I set up tightvnc tunneling through SSH and it's pretty nice. I wouldn't mind accessing my LAN from work if I could do it without compromising my setup.
Clarify "compromising your setup"?
I'm not sure if I'm ready to take the big step of letting this go to the outside world.
Then I suggest the following approach: read, think, read, post, plan.
I guess my questions may be a bit vague so I hope some of the Slackers who are pro sysadmins or who run services open to the net will share their experiences on the topic.
Sorry to say but nothing you've said sofar comes close to anything Slack-specific. This should be in Linux - Security.
Feel free to give any advice not necessarily just on my questions.
Check out the
LQ FAQ: Security references.
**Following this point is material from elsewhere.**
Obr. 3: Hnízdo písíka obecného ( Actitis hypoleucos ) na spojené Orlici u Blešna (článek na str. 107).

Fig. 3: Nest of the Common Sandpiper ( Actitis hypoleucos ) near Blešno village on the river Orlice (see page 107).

Minimally read up on hardening, auditing and post #6 on web app security.
Are the exploits based on bad php or other scripting code running or are they inside Apache itself
From what I see ninetynine percent of the time it's a combination of these six:
- bad planning (server in user LAN and not DMZ),
- bad setup practices (no virtualisation, GRsecurity, SELinux, or chrooting),
- bad restrictions (no/loosely configured firewall (*in AND outbound!!!), tcp_wrappers, apache.conf, mod_security),
- insufficient or no auditing and no "early warning" caps (IDS), let alone auditing regularly,
- bad maintenance practices (not updating when updates are released),
- and running "bad" PHP configuration and PHP-based apps (like those authors who tell you their stuff won't run with safe mode on but at the same time won't apologise for what is essentially softening up the webserver, or running "experimental" apps).
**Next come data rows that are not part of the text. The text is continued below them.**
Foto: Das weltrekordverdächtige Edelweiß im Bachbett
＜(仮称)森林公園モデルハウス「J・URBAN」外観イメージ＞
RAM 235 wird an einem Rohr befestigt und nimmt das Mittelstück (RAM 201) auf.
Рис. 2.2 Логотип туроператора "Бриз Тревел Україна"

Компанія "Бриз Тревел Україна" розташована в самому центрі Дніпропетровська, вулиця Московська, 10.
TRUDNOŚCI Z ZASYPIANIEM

The chance you'll get caught by something within Apache is not non-existant but way, way smaller. Most of the time you'll see those exploiting flaws in PHP-based apps are "just" spammers or bot herders. Search the Linux - Security forum for some real cases. The first category doesn't want *nor need* root account privileges to do their thing. The second category, once in, just has the time to throw all kinds of exploits at the box to get root since the admin won't notice anyway. The chance you will encounter crackers of the third MO kind is small. Way, way small.
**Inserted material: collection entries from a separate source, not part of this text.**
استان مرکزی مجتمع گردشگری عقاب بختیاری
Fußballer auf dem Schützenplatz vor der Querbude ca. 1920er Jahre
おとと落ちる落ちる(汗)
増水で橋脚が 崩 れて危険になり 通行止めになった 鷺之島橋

Does setting up a userid and password to get into the web site help (don't know how to do that either) or is that not a significant barrier to hacking?
No barrier. Depends on what you got running and how it's shielded, not one single restriction.
Which ftp server does everbody like. I see Pat has both vsftpd and profptd in the distro. I'm leaning towards vsftpd because I see some BSD distro sites using it. I really have no idea if one is better than the other or what you have to do to avoid problems with them also.
It's not about "liking" something. If I'd go with that criterium I'd end up buying an O2 since I still like the design.
This is an easy one though: do minimal research. Visit CVE, SecurityFocus, Secunia and make a tally for the top-four FTP daemons. See how much vulns there where the past three years. List by severity, remote risk (and if available: time to fix data). *Then* choose. Now you're choosing based on cold, hard facts.